## What to work on
Word for word, the data below must be repeated in full; no picture is to be included.

---------- Dataset content ----------

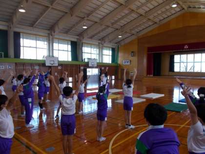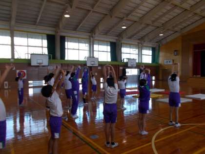 マット運動の後の整理運動も教えていただきました。これからも、安全に気を付けながら技能を磨いていけるとよいですね。
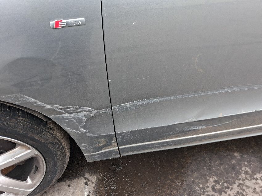 Both plates missing, no key, front headlights smashed, n/f/s front wing damaged, front bumper damaged, bonnet closing issue, n/s/f headlight scratched, front wing n/s damage n/s/f front door damaged, n/s wing mirror damage, n/s/r door damaged, n/s/r quarter damage, rear bumper damage, n/s/r quarter/bumper damage, drivers door damage and general wear and tear,
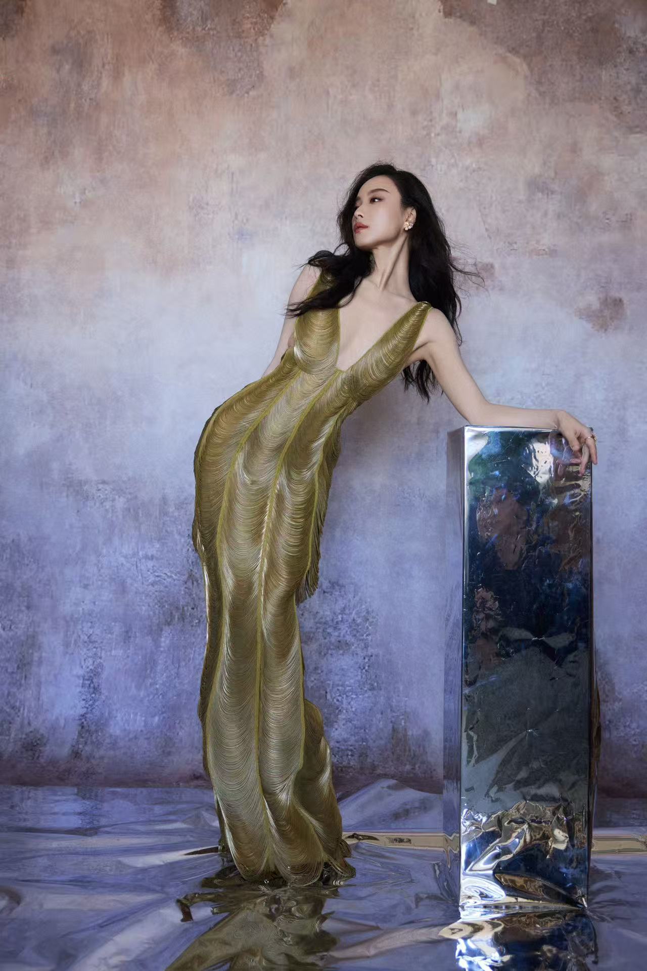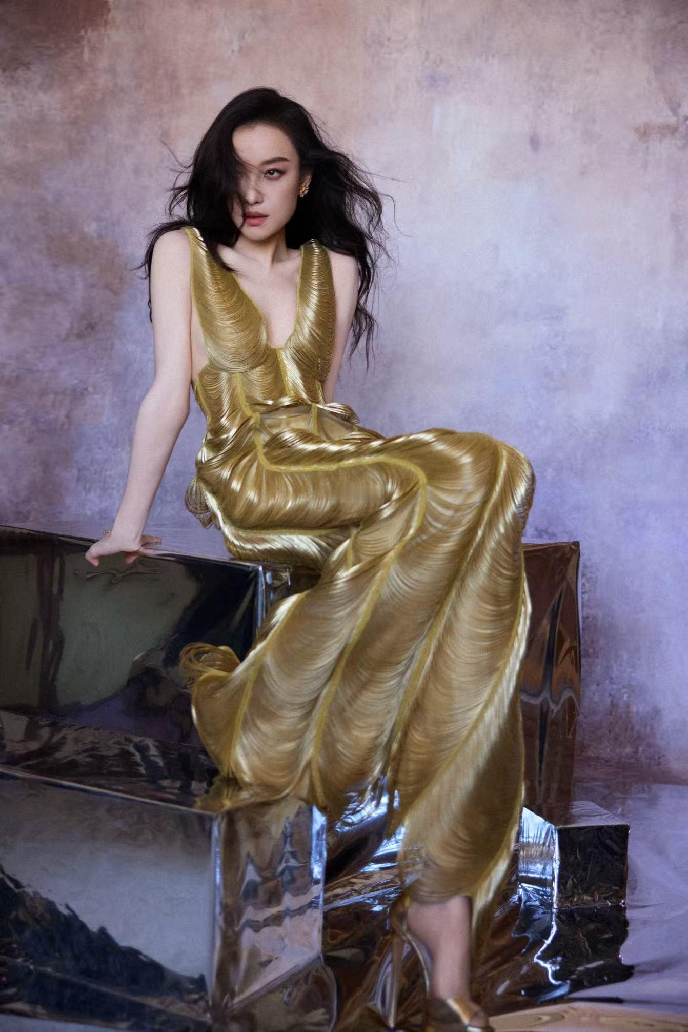 倪妮兰蔻全球代言人 一袭深V鎏金礼服亮相品牌活动,金属丝线随步履流转成光的轨迹,

----------

## Written solution
 マット運動の後の整理運動も教えていただきました。これからも、安全に気を付けながら技能を磨いていけるとよいですね。
 Both plates missing, no key, front headlights smashed, n/f/s front wing damaged, front bumper damaged, bonnet closing issue, n/s/f headlight scratched, front wing n/s damage n/s/f front door damaged, n/s wing mirror damage, n/s/r door damaged, n/s/r quarter damage, rear bumper damage, n/s/r quarter/bumper damage, drivers door damage and general wear and tear,
 倪妮兰蔻全球代言人 一袭深V鎏金礼服亮相品牌活动,金属丝线随步履流转成光的轨迹,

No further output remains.